Thursday 5th November
Guy Fawkes, though we hardly realized it at the time was probably a fall-guy, a ruse for the Establishment of the day to provoke some anti-Catholic feeling. The Religious wars fought in England in the sixteenth and seventeenth Centuries were pretty vicious and we can still see their shadow in Northern Ireland today. As kids in the fifties we didn’t care who Guy Fawkes actually was, it was enough that we were going to have a bonfire and burn an effigy of him on top of it. It was, next to Christmas Day and the week-long Carnival in the Summer, the most looked forward to event of the year. There is something elemental about a communal bonfire, something that takes us back to maybe our pre-historic days, when on a damp and misty night the tribe would gather round the fire and feel safe and protected. Making the guy was always exciting; a pillowcase for the head with a crudely drawn face, an old shirt and trousers stuffed with rags and paper for the body, our guy would be tied onto an old pushchair and wheeled round the town. We would beg for a “Penny for the Guy”, ostensibly to buy fireworks but more likely spent on sweets.
We lived in a new council estate with a large ‘green’ in the middle and by some unwritten design a new bonfire would start to grow each year, with neighbours contributing wooden branches, old chairs and even a sofa as well as bags of leaves and more than one guy. Around seven it would be lit and we would all crowd round the conflagration, adults with maybe a glass in hand and us kids running wild. A few bangers and jumping jacks would be thrown at unsuspecting kids feet causing much hilarity. Sparklers were held in woolen gloves and often small fireworks too. Someone would nail a Catherine Wheel to a post and we would all cheer as it whirled round creating a peacock’s tail of coloured sparks. Whoosh and there went a rocket, exploding into stars high above us. Maybe some baked potatoes or cake would be handed round. Gradually as the fire died down families dispersed to their own homes, the Guy successfully burned for another year.

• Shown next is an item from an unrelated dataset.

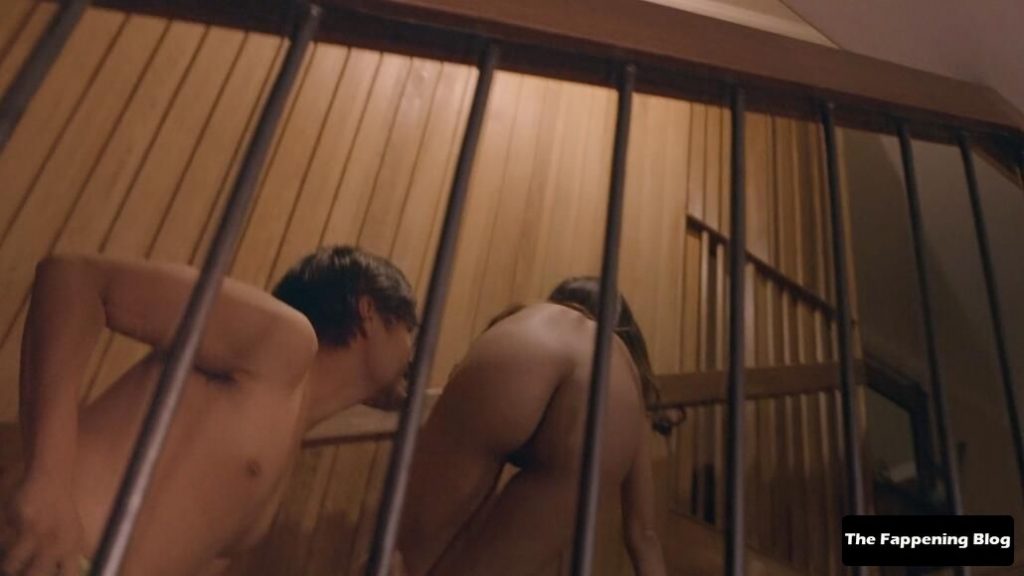 Алекса Миро полностью обнажена, когда парень следует за ней к основанию лестницы. Мы видим ее груди, ягодицы и лобок, когда она ложится на ступеньки, а парень целует ей ноги, прежде чем они начинают целоваться. Затем она продолжает подниматься по лестнице, и парень присоединяется к ней в коридоре, где поднимает ее, а она обвивает ноги вокруг него, целуясь.

In the morning a few of us boys would be kicking half-burned logs into the still glowing embers causing a mini-shower of sparks to flare up. Another bonfire night over. Then slowly Health and Safety issues kicked in and people started to go to organized firework displays, and then even letting off a few fireworks in your own garden became unpopular. Now November the fifth is hardly celebrated at all, no bonfires and no guys either. The excitement has all passed over to Halloween now and Mr. Fawkes, guilty or set-up is largely forgotten.